In Canada (Attorney General) v. Fairmont Hotels Inc., 2016 SCC 56 (and its Quebec civil code counterpart Jean Coutu Group (PJC) Inc. v. Canada (Attorney General), 2016 SCC 55), the Supreme Court of Canada shook up the tax world by limiting the availability of rectification to prevent unwanted tax consequences. These decisions will undoubtedly have a large impact in the area of tax law. However, it does not appear that the law of rectification vis-à-vis wills will be impacted.
In Fairmont, a hotel management corporation (Fairmont) helped a real estate trust finance the purchase of two American hotels. Fairmont, the trust and their subsidiaries entered into a complex agreement in order to ensure foreign exchange tax neutrality. After Fairmont was acquired by another party, the new owner requested that this agreement be terminated through a share redemption (as this agreement was somehow preventing the sale of the hotels). Based on the incorrect assumption that the tax neutrality issue had been resolved, Fairmont’s subsidiaries complied by passing directors’ resolutions redeeming certain shares. Unfortunately, this resulted in an unanticipated tax liability.
Fairmont applied to rectify the directors’ resolutions from a redemption of shares into a loan, which would apparently nullify the unanticipated tax liability.

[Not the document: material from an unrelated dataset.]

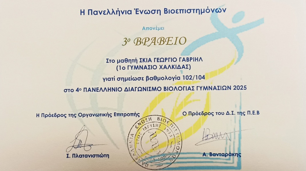 Το 1ο Γυμνάσιο Χαλκίδας συμμετείχε και φέτος στον 4ο Πανελλήνιο Διαγωνισμό Βιολογίας που απευθύνεται στην Γ' Γυμνασίου και πραγματοποιήθηκε διαδικτυακά στις 15 Μαΐου 2025.
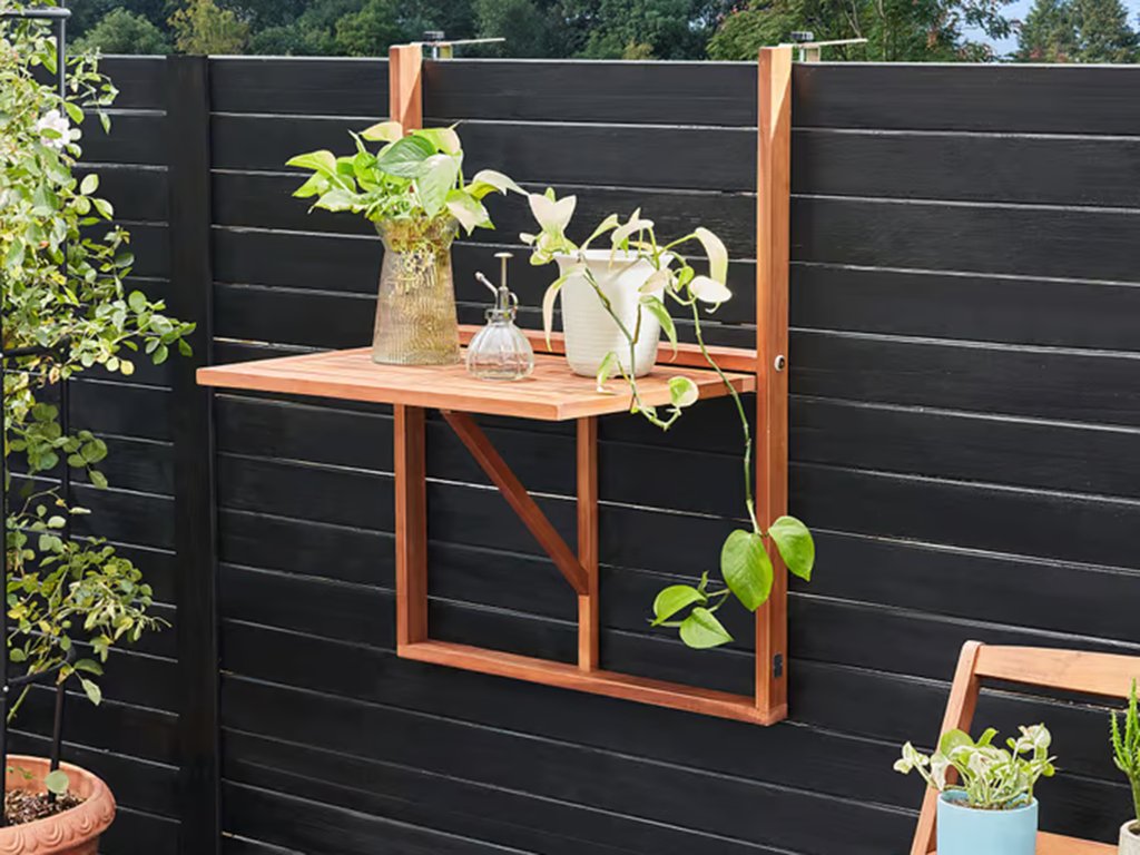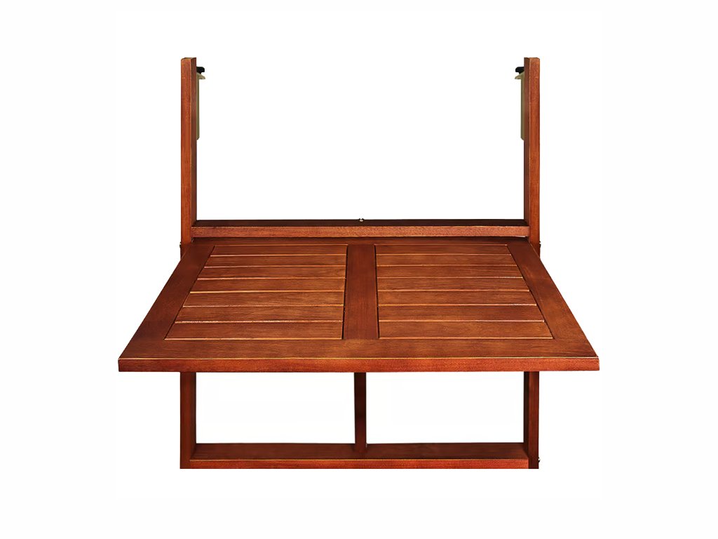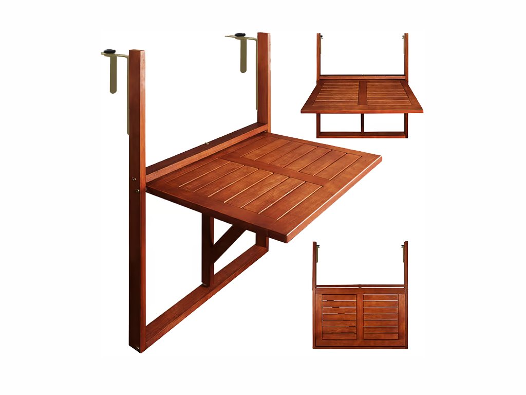 Praktična viseča balkonska miza iz masivnega akacijevega lesa je idealna rešitev za majhne balkone in ozke prostore – preprosto jo obesite čez ograjo ali okensko polico.

Before Fairmont, the leading case on rectifications in the tax context was the Ontario Court of Appeal’s decision in Attorney General of Canada v. Juliar, 2000 CanLII 16883. This decision allowed rectification where two parties entered into an agreement with a common continuing intention to achieve a specific tax outcome. If the parties were mistaken and the transaction did not achieve the specific tax outcome, the agreement could be rectified to achieve that specific tax outcome. Under the logic in Juliar, Fairmont’s rectification should have been approved (and, in fact, was so by the application judge and Ontario Court of Appeal – both citing Juliar as binding precedent).
However, the Supreme Court expressly overturned Juliar in Fairmont. Writing for the 7-2 majority, Justice Brown summarized the law of rectification. Justice Brown expressly noted that the test was to be applied in a tax context just as in a non-tax context. If a legal instrument did not accord with the true agreement due to a mistake (e.g. because a term has been omitted, an unwanted term included, or a term incorrectly expresses the parties’ agreement) a court could rectify this instrument so as to make it accord with the parties’ true agreement.
Rectification is a powerful tool but is only available to modify an instrument, not the underlying agreement. Rectification aligns the instrument with what the parties agreed to do, and not what, with the benefit of hindsight, they should have agreed to do.
Whether or not CRA receives a “windfall” is irrelevant; tax consequences spring from how the underlying agreement was structured. As Justice Brown pithily observed, rectification is not equity’s version of a mulligan.
It does not appear that Fairmont will change the law of rectification regarding wills, as it brings the tax context in line with that of the will context. As Justice Belobaba held in Robinson Estate v. Robinson, 2010 CarswellOnt 4576 (S.C.J.): “Anglo-Canadian courts will not rectify a will to correct the testator’s mistaken belief about the legal effect of the words he [or she] reviewed and approved.”
Nonetheless, estate planners should carefully consider the decision in Fairmont. Often a will is only one way that wealth is passed from one generation to the next. If a trust is set up to achieve a specific tax outcome and does not do so due to a mistake, the parties will not get a mulligan to redo it.